▶ **Your task**:
Pictures aside, return every line below exactly as written.

▶ **Data shown**:
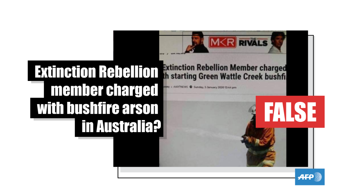 It shows a screenshot of a cropped online news article with the headline: “Extinction Rebellion member charged with starting Green Wattle Creek bushfire”.
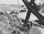 Texas Christian University (TCU) parking space expansion. John Polzin of Taylor, Texas and Howard Grubbs, director of athletics watch a giant steam shovel scoop out the hillside where the parking lot extension will be. They stand on a hill behind and left of the Shovel. Behind them are trucks a section of the bleachers. Published in Fort Worth Star-Telegram, morning edition, July 7, 1946.
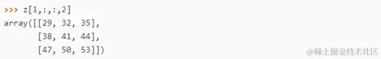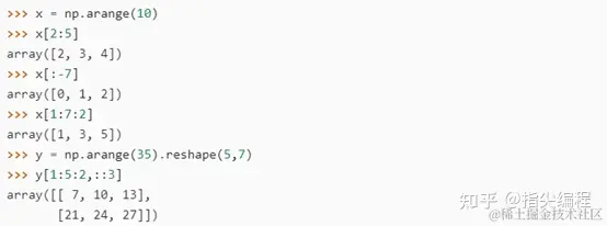 可以对数组进行切片和步进以提取相同数量的维,但数组大小与原始数组不同。切片和步进的工作方式与列表和元组完全相同,只是它们也可以应用于多个维度。例如:
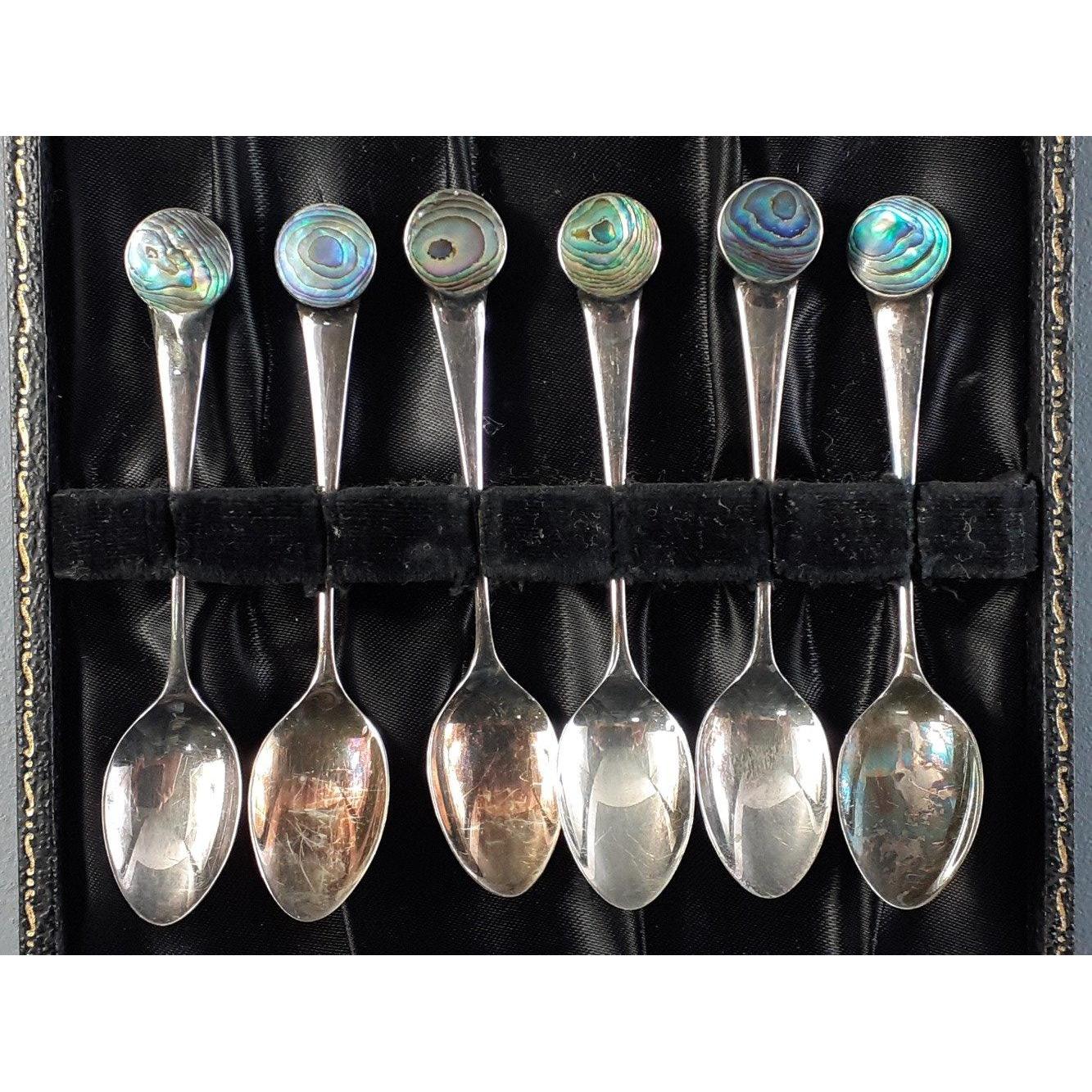 NICE QUALITY! A nice set of six white metal ABALONE handled teaspoons within their original Wellington presentation case

▶ **Answer to the problem**:
 It shows a screenshot of a cropped online news article with the headline: “Extinction Rebellion member charged with starting Green Wattle Creek bushfire”.
 Texas Christian University (TCU) parking space expansion. John Polzin of Taylor, Texas and Howard Grubbs, director of athletics watch a giant steam shovel scoop out the hillside where the parking lot extension will be. They stand on a hill behind and left of the Shovel. Behind them are trucks a section of the bleachers. Published in Fort Worth Star-Telegram, morning edition, July 7, 1946.
 可以对数组进行切片和步进以提取相同数量的维,但数组大小与原始数组不同。切片和步进的工作方式与列表和元组完全相同,只是它们也可以应用于多个维度。例如:
 NICE QUALITY! A nice set of six white metal ABALONE handled teaspoons within their original Wellington presentation case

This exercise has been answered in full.